Оставаясь одиноким, Борис Николаевич целыми днями ходил по комнатам и часто завёртывал в прихожую, где хранилась роковая бутылка с водкой. Ел он в таких случаях мало, скоро ослабевал и засыпал тяжёлым сном, бормоча какие-то бессвязные фразы или отдельные слова.

После масленицы Борис Николаевич слёг в постель, и Наталья Ивановна не на шутку струсила за его жизнь. Приглашённые доктора никакой помощи не оказали больному и ни чем не порадовали Наталью Ивановну.

При виде мужа, обрюзглого, с багровым лицом, мутными глазами и с трясущимися руками, Наталья Ивановна приходила в ужас.

Теперь ей уже нередко приходилось оставаться около больного в качестве сиделки. В минуты просветления Борис Николаевич брал руку жены, целуя, гладил её своими трясущимися пальцами и негромко, прерывающимся голосом, говорил:

— Ты не сердись на меня, Наташа, мой дружок… Из-за меня ты здесь остаёшься, а тебе надо работать… Газетная работа — святая работа, и я отрываю тебя от неё… Скоро, голубчик, всё это пройдёт, скоро… Только ты не отказывай мне в этом… — и он жестом ослабевшей руки указывал на бутылку с водкой.

Она как лекарство наливала в стаканчик водку и передавала мужу. Он выпивал, морщась и кашляя, и затихал, забрасывая на подушку голову с полузакрытыми глазами.

— Да… скоро всё это пройдёт, скоро… Я чувствую, что это последний пароксизм. Я отравлю в себе остатки того ужасного червячка, который сосёт моё сердце, и буду здоров душой и телом, — тихо говорил он, лёжа на подушке с закинутой головою. — Я сам раньше не верил в свои силы, думая, что воля моя порабощена… Оказывается, это неправда: я возрождаюсь к новой жизни… да… к новой…

Последних слов Наталья Ивановна не понимала и, когда Борис Николаевич замолкал, она тихо поднималась, уходила в соседнюю комнату и принималась за работу, которая в таких случаях не спорилась и тяготила молодую женщину.

Всю зиму она жила в отчаянии, наблюдала, как постепенно угасает жизнь близкого и дорогого ей человека. Она по прежнему любила его, с болью за своё бессилие помочь, искала способов, чем бы можно было исцелить мужа, и результатом этого явилось ещё большее отчаяние.

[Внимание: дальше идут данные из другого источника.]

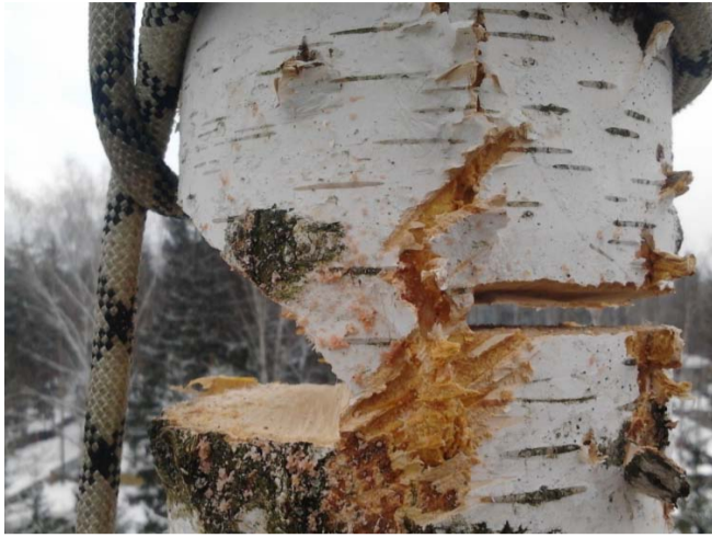
НА ФОТО: ЗАГОТОВКА ДРОВА — НЕПРОСТАЯ ЗАДАЧА

Откуда дровишки? — «Из лесу, вестимо; Отец, слышишь, рубит, а я отвожу». (В лесу раздавался топор дровосека...)
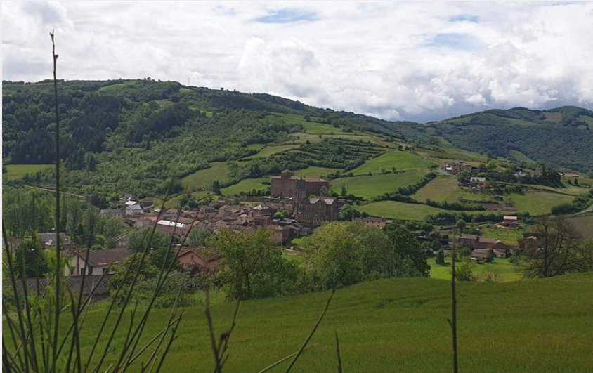
Saint Izaire (Roquefort Tourisme)
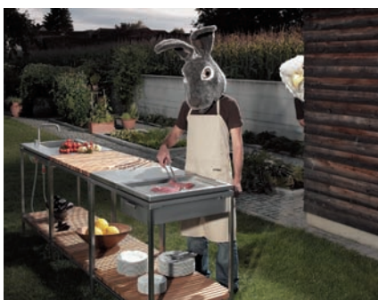
Outdoor Kitchen / Wolfgang Pichler
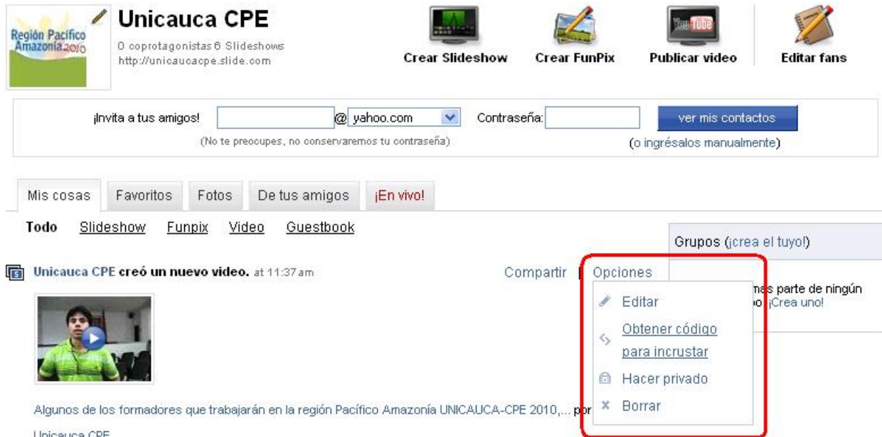
Figura 13. Opciones adicionales para administrar lo subido en Slide

Cuando se regresa a Mi Slide, puede actuar sobre lo que ha publicado desde dos enlaces: Compartir, desde donde se abre un formulario para mandar un mensaje electrónico personalizado a quienes indique, para invitarlos a conocer lo publicado, y Opciones (Ver Figura 12). Despliegue esta segunda, con lo que tendrá cuatro posibilidades:
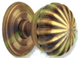
FISSO POMOLO MARGHERITA VIG290755500

Весною с Борисом Николаевичем произошла какая-то непонятная перемена. Он вдруг бросил пить, оставил постель, расстался со своим летним пальто, заменив его пиджаком, но вся эта перемена не порадовала Натальи Ивановны.

Он стал необыкновенно угрюм и молчалив, нередко выходил из дома и бродил по узким улицам дачной местности. Возвращаясь домой усталым и ещё больше угрюмым, он брал в руки газету, делая вид, что читает, и всё обдумывал что-то упорно и не поверяя своих дум близкому человеку.

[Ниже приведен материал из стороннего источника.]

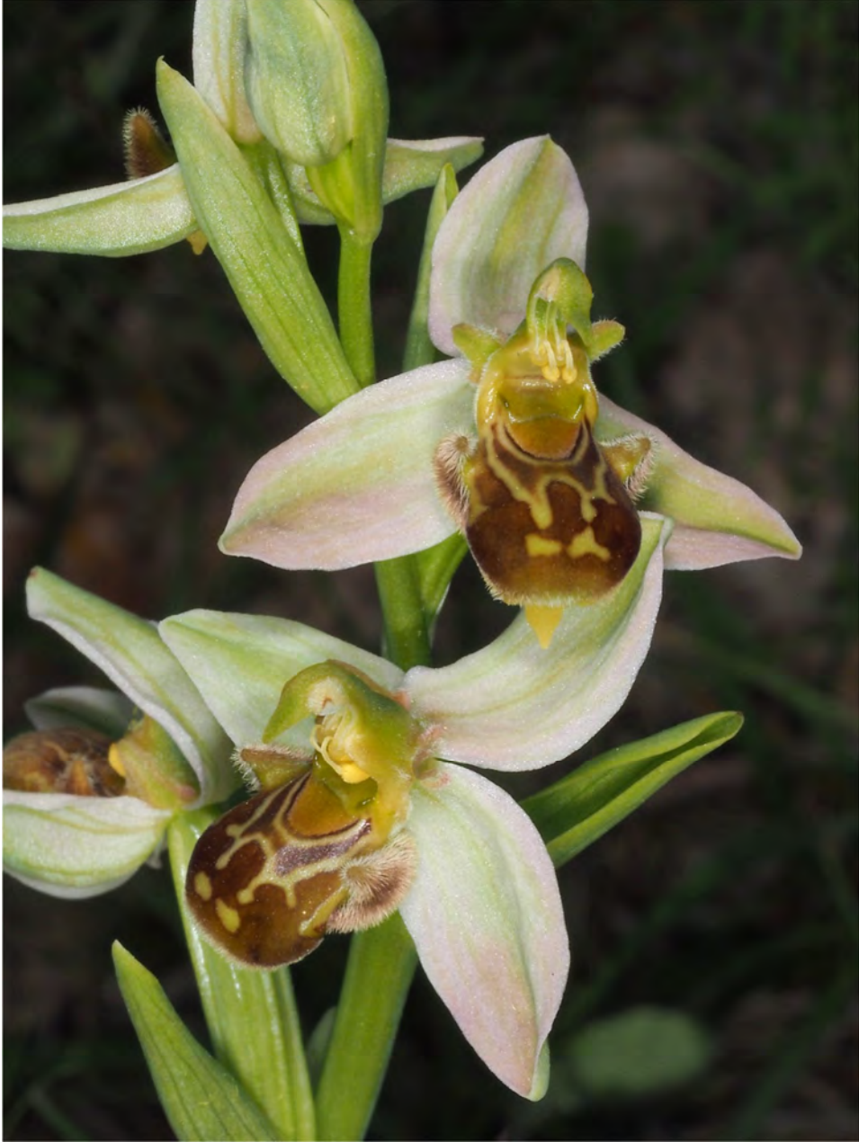
Ophrys apifera am Standort KR 13
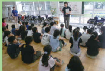
車いす体験 (東山の下小学校)

Когда растаял снег и пахнуло весною, Борис Николаевич собственноручно выставил вторые рамы окон, открыл на террасу дверь и, когда из города возвращалась Наталья Ивановна, торжественно объявил о наступлении весны.

— Теперь не будет этих противных зимних вьюг! — говорил он, улыбаясь. — Ты смотри, как светит солнышко, скоро лопнут на берёзах почки и трава зазеленеет.

Глядя на мужа, Наталья Ивановна радовалась: он показался ей иным, каким она давно уже его не видала.

Борис Николаевич обил парусиною террасу, посыпал дорожки садика песком и большую часть дня теперь проводил на воздухе. О водке он, как будто, совершенно забыл за это время и, в этом отношении, перестал беспокоить жену.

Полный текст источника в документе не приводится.